As it almost always is for the Mountaineers, the key to victory will be playing solid defense and limiting extra opportunities.

"They've got that three-headed monster with Freeman, Monroe and Wright," said Mazzulla. "We're going to obviously have to contain them. It's no secret what they do -- it's a lot of back-cuts, a Princeton-style offense. I think Wright is playing very well, so Truck and I will really have to contain him defensively. We're going to have to rebound and make shots."

"They're just playing good team basketball," said Ebanks. "Greg and Chris are just stepping up, as they should be. We have to stop those two and Freeman. We can't let them get started.
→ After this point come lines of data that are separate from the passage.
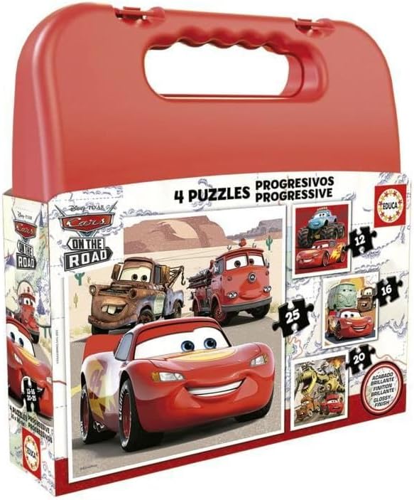Educa Puzzles Cars – Ensemble de 4 puzzles progressifs (12 à 25 pièces) dans une mallette
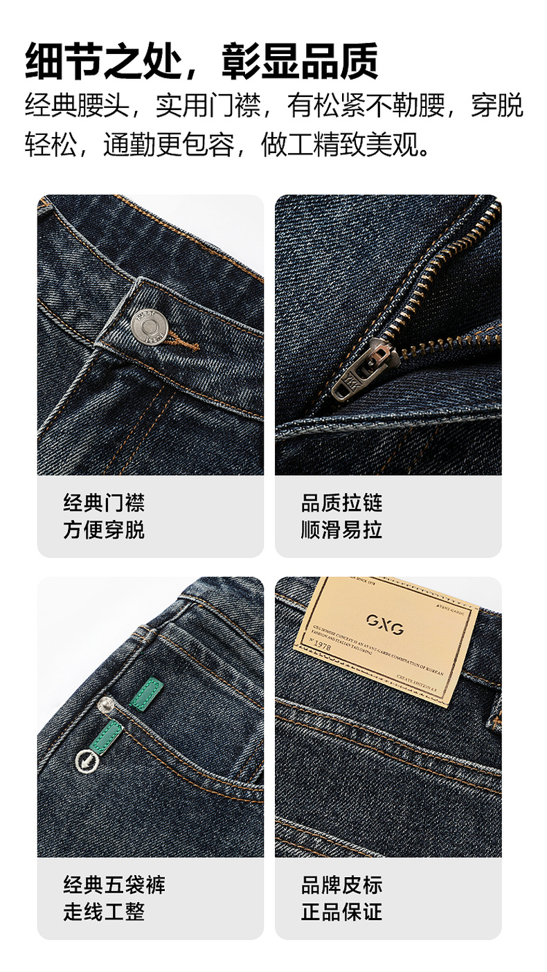 GXG男装 复古经典黑色修身耐磨四面弹力直筒牛仔裤 2025秋季新品
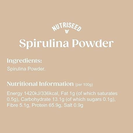 Sản phẩm Nutriseed Spirulina Powder 500g - 100% Spirulina Powder, Rich in Antioxidants & Vitamins B, C, A & E, Source of Plant Based Protein, Contains All Essential Amino Acids, Vegan Friendly & Gluten Free đang được bán với giá ưu đãi là $14.5297 tại nước Anh.
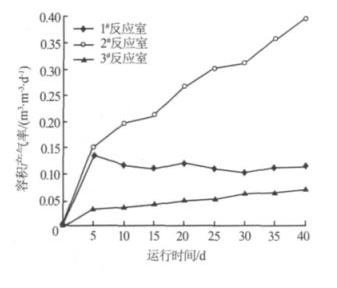 由圖 6 可見(jiàn),2# 反應(yīng)室產(chǎn)生的 CH4 最多,容積產(chǎn)氣率 >0.153 m3/(m3· d),最高達(dá) 0.397 m3/(m3· d),并隨著容積負(fù)荷的 增加而增大 ( 隨運(yùn)行時(shí)間延長(zhǎng)容積負(fù)荷增加 ),表明 2# 反應(yīng)室以產(chǎn)甲烷菌為主。 1# 反應(yīng)室產(chǎn)生的 CH4 量受進(jìn)水容積負(fù) 荷的影響不大 ,總體保持在 0.103~ 0.137 m3/(m3· d) 的水平 ,表明 1# 反應(yīng)室主要起水解和酸化作用 ,以產(chǎn)酸菌為主,產(chǎn)甲烷菌的活性受到抑制 ,而且受進(jìn)水容積負(fù)荷的直接沖擊,CH4 產(chǎn)量呈現(xiàn)小幅度的波動(dòng) 。 3# 反應(yīng)室與 2# 反應(yīng)室一樣 ,產(chǎn) CH4 量隨著容積負(fù)荷的增加而增大 ,但 產(chǎn) CH4 量 始 終 很 低 ,其 容 積 產(chǎn) 氣 率 最 大 為 0.071 m3/(m3· d),表明 3# 反應(yīng)室也以產(chǎn)甲烷菌為主 ,但由于廢水流至 3# 反應(yīng)室時(shí)剩余的有機(jī)物很少 ,底物不足,因此 CH4 量很少 。
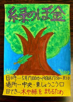 明日(17日)から3日間、「緑の募金運動」が行われます。そのためのポスター(児童作品)が完成しました。
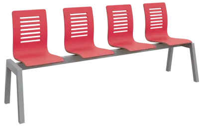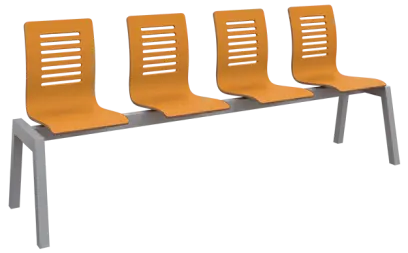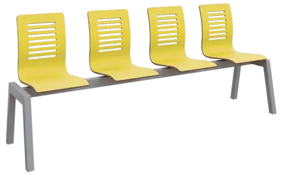 4-místná čekárenská lavice s překližkovými sedáky a svařovanou robustní ocelovou kostrou ve stříbrném laku
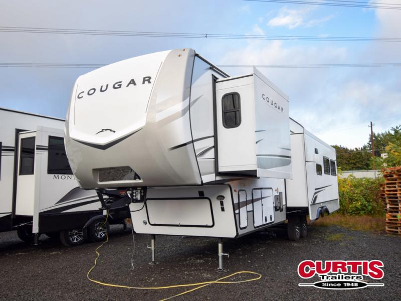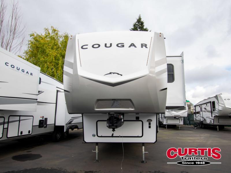 Spend more time having fun and less time worrying about your RV with the Keystone Cougar fifth wheel! These units have all that you will need for excellent vacations. The interior comes with 5/8" one-piece DynaSpan® flooring, tall slide outs for added comfort and head room, night roller shades throughout, and residential, raised-panel hardwood cabinet doors and drawers. You will also enjoy decorative crown molding, a 5,500 BTU electric fireplace with thermostat control and remote, and a Max Air exhaust fan with rain sensor. The exterior is also fully outfitted with a convenience center, friction-hinge entry door, electric four-point auto leveling system, and Lippert SolidStep® on the main entry. There is a full pass-through storage with slam-latch baggage doors, an industry-best 80-gallon fresh tank capacity, a 2" accessory hitch with 300-LB storage capacity, and an outside shower.
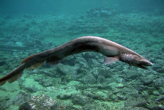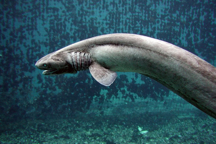 Знакомьтесь — плащеносная акула (Chlamydoselachus anguineus), один из самых древних видов акул на Земле. Учёные называют её «живым ископаемым», и не зря: данный вид сохранил анатомические черты, бывшие в моде пару сотен миллионов лет назад. Это не машина времени, а настоящая капсула времени с зубами.
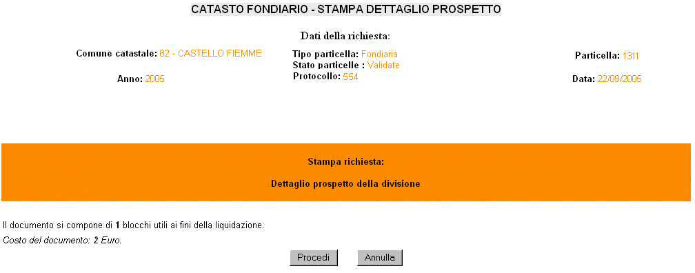Prima di visualizzare il documento effettivo relativo alla stampa richiesta, il servizio ripresenta un riassunto dei dati richiesti e, quindi, riporta il numero blocchi di cui si compone il documento così reperito. A questo punto l'utente può decidere se proseguire, e quindi pagare la transazione, o se terminare l'operazione. Un esempio di quest'ultima pagina viene riportata nella figura seguente: |
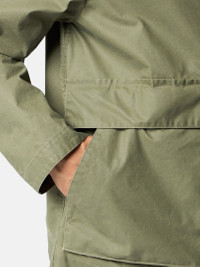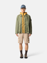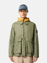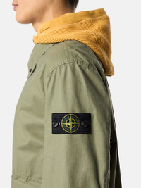 Coach jacket in a cotton-polyester canvas coated with pigmented wax to create a writing-effect surface, featuring layered pockets, adjustable cuffs, and a two-way zipper. FABRIC RESEARCH AND TREATMENT Coach jacket in a white cotton-polyester canvas in an intimate blend that is colored through the application of a pigmented wax coating with a writing effect on the outer face and a glossy rubberized coating in matching tone on the reverse. STYLE AND FIT Collar with snap to wear standing. Top-entry bellows hand pockets with flap and concealed snap, with overlapping angled pockets. Eyelets under back armholes. Stone Island badge on left sleeve. Adjustable cuffs with snap. Two-way zipper fastening under snap placket. COMPOSITION AND CARE External Fabric: 65% Polyester 35% Cotton - Excluding The Coating Secondary Fabric: 65% Polyester 35% Cotton
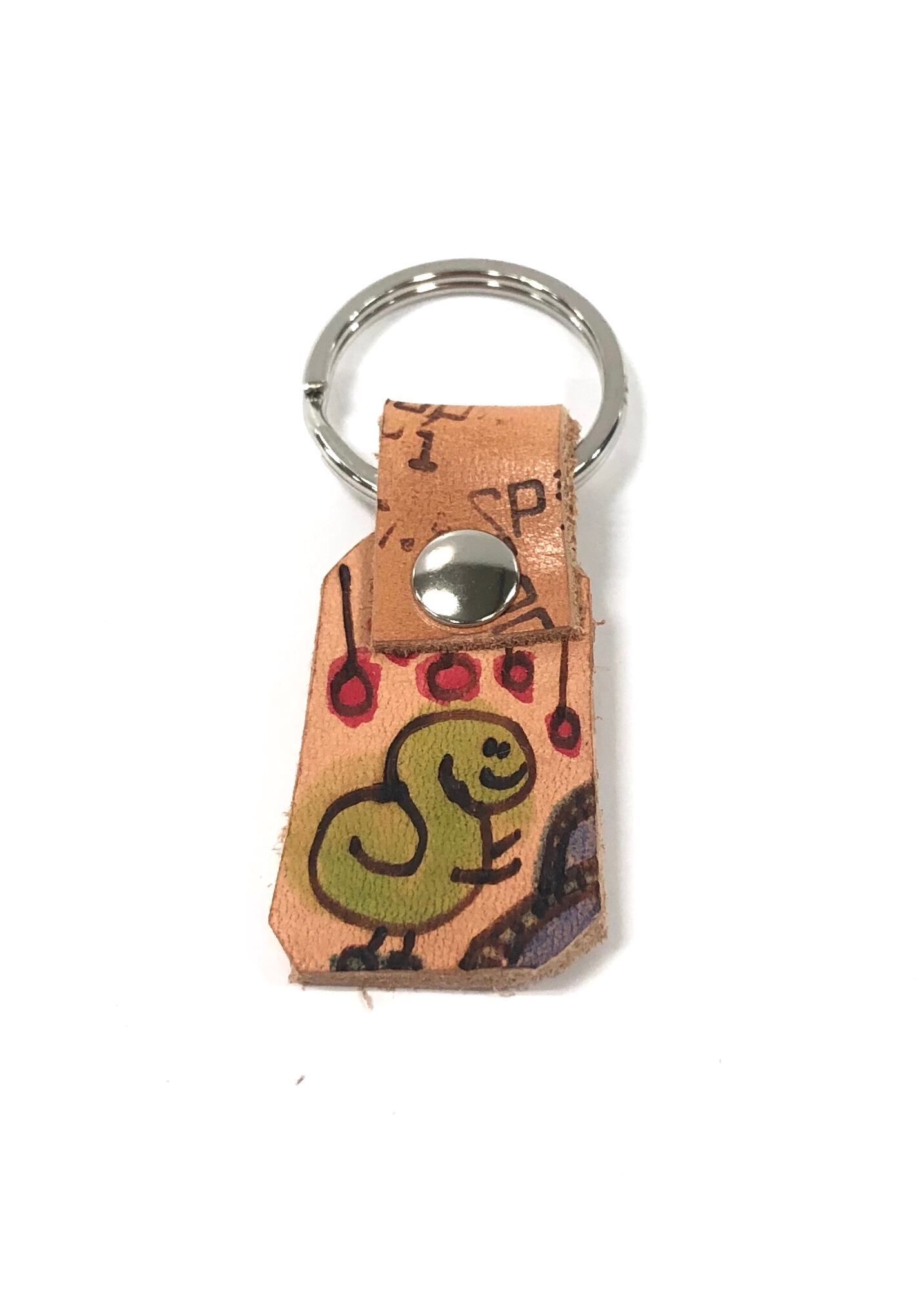 ヌメ牛革に電気ペンで絵を描き、革専用の染料で着色しています。
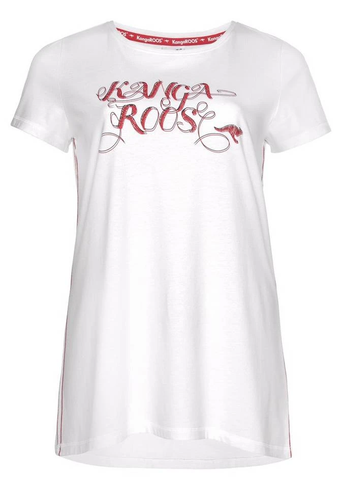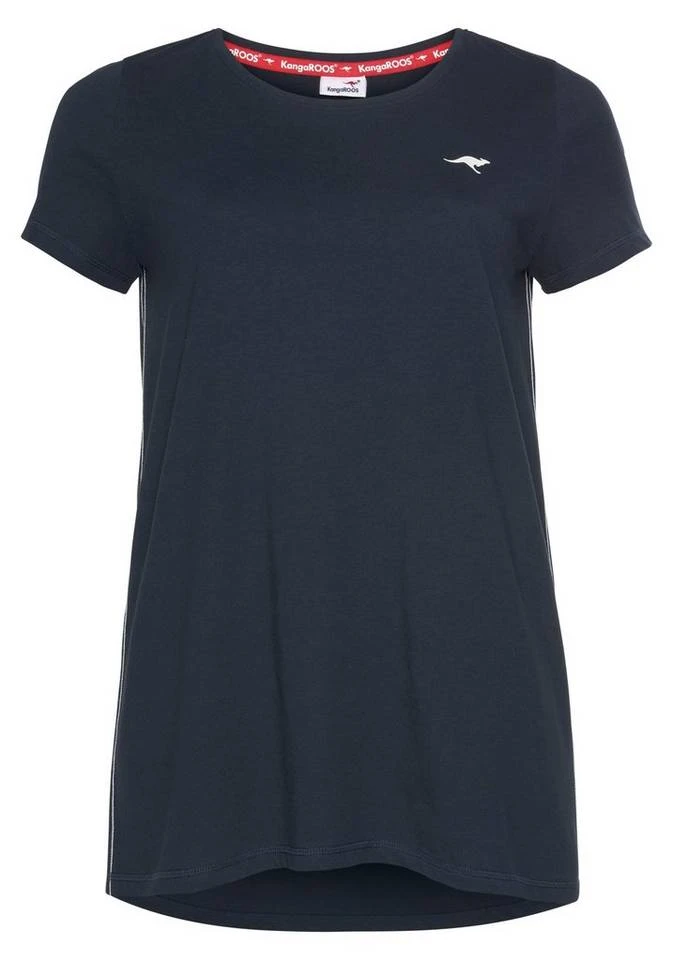 Für sportliche Frauen wie dich ist ein Trainingsoberteil nicht genug – deshalb kommt das Longshirt von Kangaroos im praktischen Doppelpack. Einmal mit einem großen Labelschriftzug vorn, einmal mit einem kleinen Logodruck auf der Vorderseite kannst du so nach Lust und Laune deinen Work-out-Style wählen. Seitliche Kontrastnähte lockern das Design beider Rundhalsshirts gelungen auf. Zudem sorgt ein angenehm zu tragender Jersey für einen angenehmen Komfort. Dieses Duo gehört in deinen Kleiderschrank: das Longshirt im Doppelpack von Kangaroos.
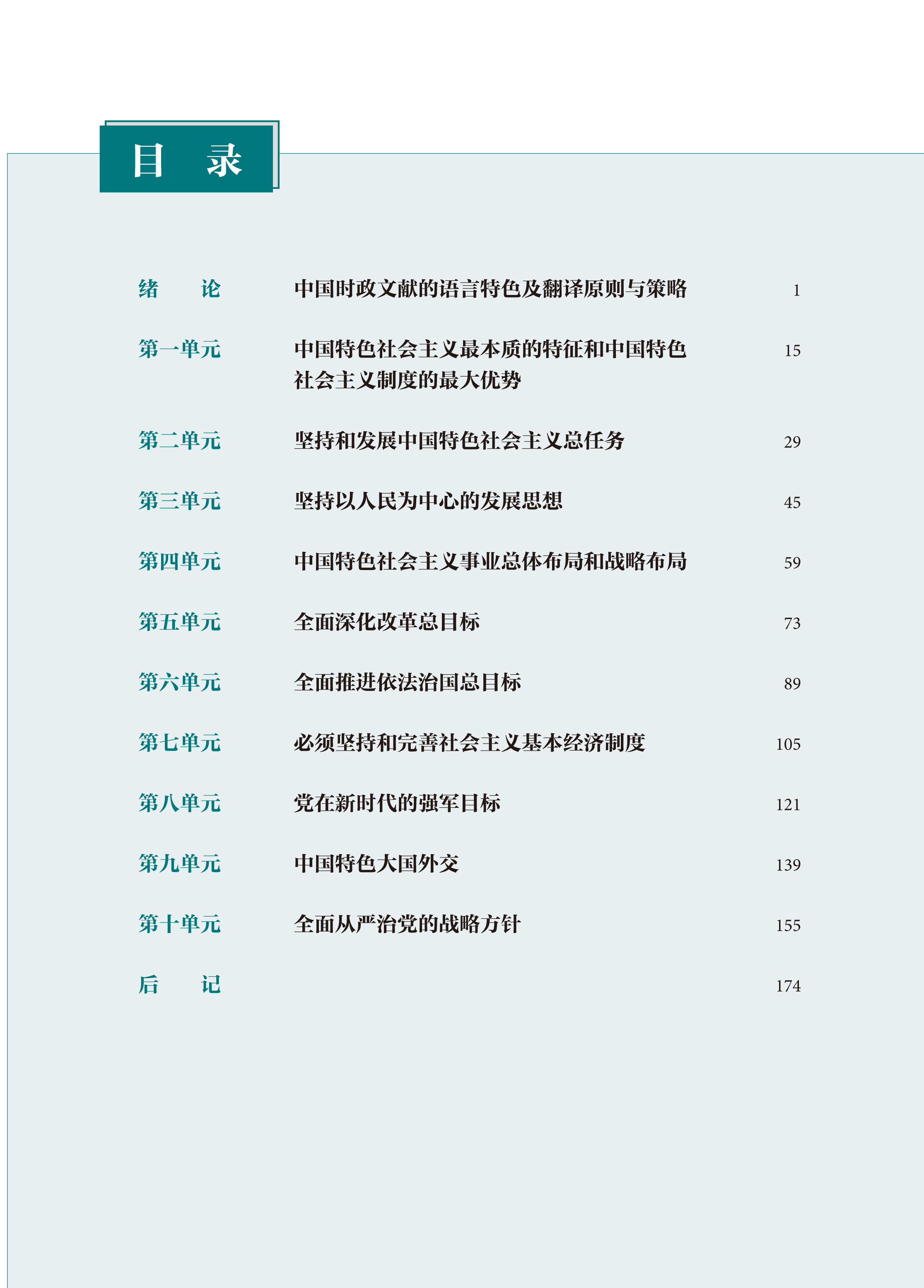 《汉韩翻译教程》为全国高等学校外国语言文学类专业“理解当代中国”系列教材之一,本教程以习近平新时代中国特色社会主义思想为纲,在系统学习与充分理解其思想内容的基础上,聚焦中国时政文献的翻译策略与实践。书稿分为绪论和10个主题单元。绪论介绍中国时政文献的语言特征、中国时政文献的翻译原则和中国时政文献的翻译方法。第一至第十单元为主题单元,每个主题单元探讨习近平新时代中国特色社会主义思想的一个重要方面,依次是:1)中国特色社会主义最本质的特征和中国特色社会主义制度的最大优势;2)坚持和发展中国特色社会主义总任务;3)坚持以人民为中心的发展思想;4)中国特色社会主义事业总体布局和战略布局;5)全面深化改革总目标;6)全面推进依法治国总目标;7)必须坚持和完善社会主义基本经济制度;8)党在新时代的强军目标;9)中国特色大国外交;10)全面从严治党的战略方针。

If we do that, we should be able to beat them."

And if West Virginia earns a second victory over GU, it will claim a Big East championship in basketball for the first time.

While that serves mainly to improve the team's seeding for the upcoming NCAA Tournament, players know that a conference title -- something Kentucky coach John Calipari called "meaningless" a few weeks ago -- would be anything but that for a fan-base that has gone without a championship since the Reagan administration.

"It would mean everything, honestly," said point guard Truck Bryant.

"The Big East championship would definitely mean a lot. We want to bring that back to Morgantown. The fans have been great to us, and we just want to do them a favor, do something great and hang a banner."

"We came to New York with one goal: to win a championship. We've got the chance to [tonight]."